Closing the Gap Between Float and Posit Hardware Efficiency

The b-posit, or bounded posit, is a variation of the posit format designed for high performance computing (HPC) and AI applications. Unlike traditional floating-point formats (floats), posits use variable-length fields for exponent scaling and significand, providing better efficiency for the same bit width.
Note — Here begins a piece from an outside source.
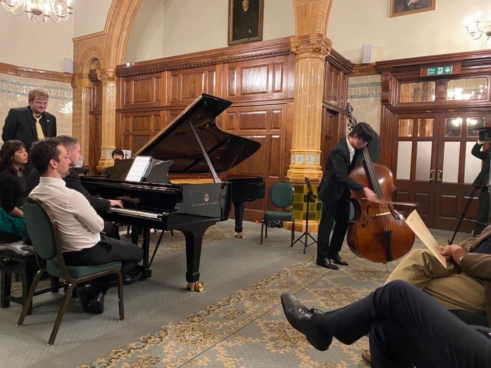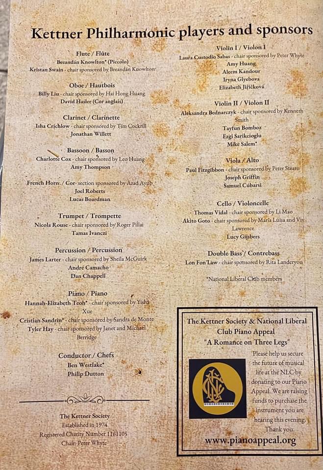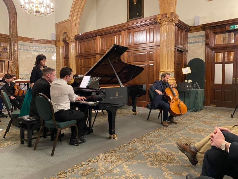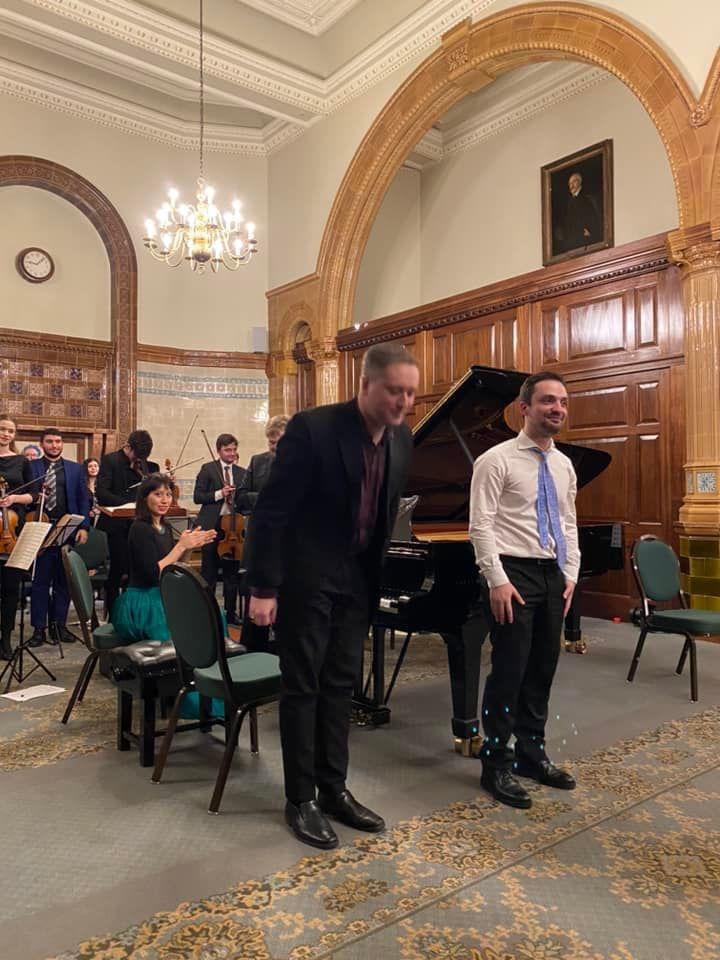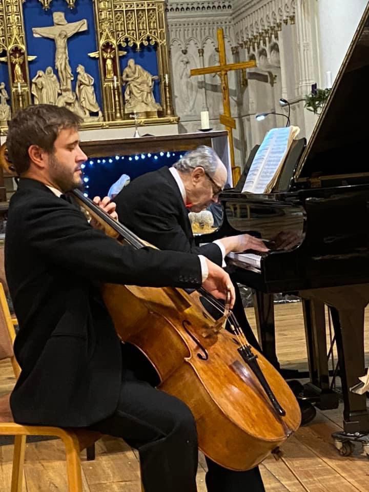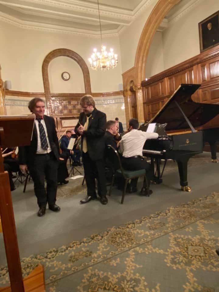 Cristian having been asked with only two days notice to substitute an indisposed colleague and also having played the evening before in the centenary celebrations of Saint- Saens at the National Liberal Club.Enjoying every minute with Tyler Hay and the Kettner Philharmonic of the scintillating effervescence of Carnaval of the Animals .Well it is Christmas after all!

However, this flexibility introduces high worst-case overhead in decode-encode logic, exceeding the cost of handling subnormals for floats. To address this, the b-posit restricts the regime field to a 6-bit limit, reducing variability in regime and fraction sizes. With an exponent size eS of 5 bits, the dynamic range is $2^{-192}$ to $2^{192}$ (about $10^{-58}$ to $10^{58}$) and the quire size is 800 bits, for any precision $n>12$. This constraint improves numerical properties and simplifies hardware implementation by allowing decode-encode operations with basic multiplexers. Our 32-bit b-posit decoder circuits achieve significant improvements: 79 percent less power consumption, 71 percent smaller area, and 60 percent reduced latency compared to standard posit decoders. The 32-bit b-posit encoder shows 68 percent lower power usage, 46 percent less area, and 44 percent shorter delay. The proposed b-posit hardware exhibits superior scalability with increasing bit widths, outperforming standard posit hardware at higher precisions, with even greater advantages at 64-bit. Notably, the b-posit decode-encode hardware matches or exceeds IEEE compliant 32-bit floating-point performance, offering faster and smaller area implementation, with slight increase in worst-case power due to higher speed. The b-posit hardware design provides the clean mathematical behavior and higher accuracy of posits versus IEEE floats without the power, area, or latency costs observed for the Posit Standard (2022). We believe the b-posit should influence future standard revisions.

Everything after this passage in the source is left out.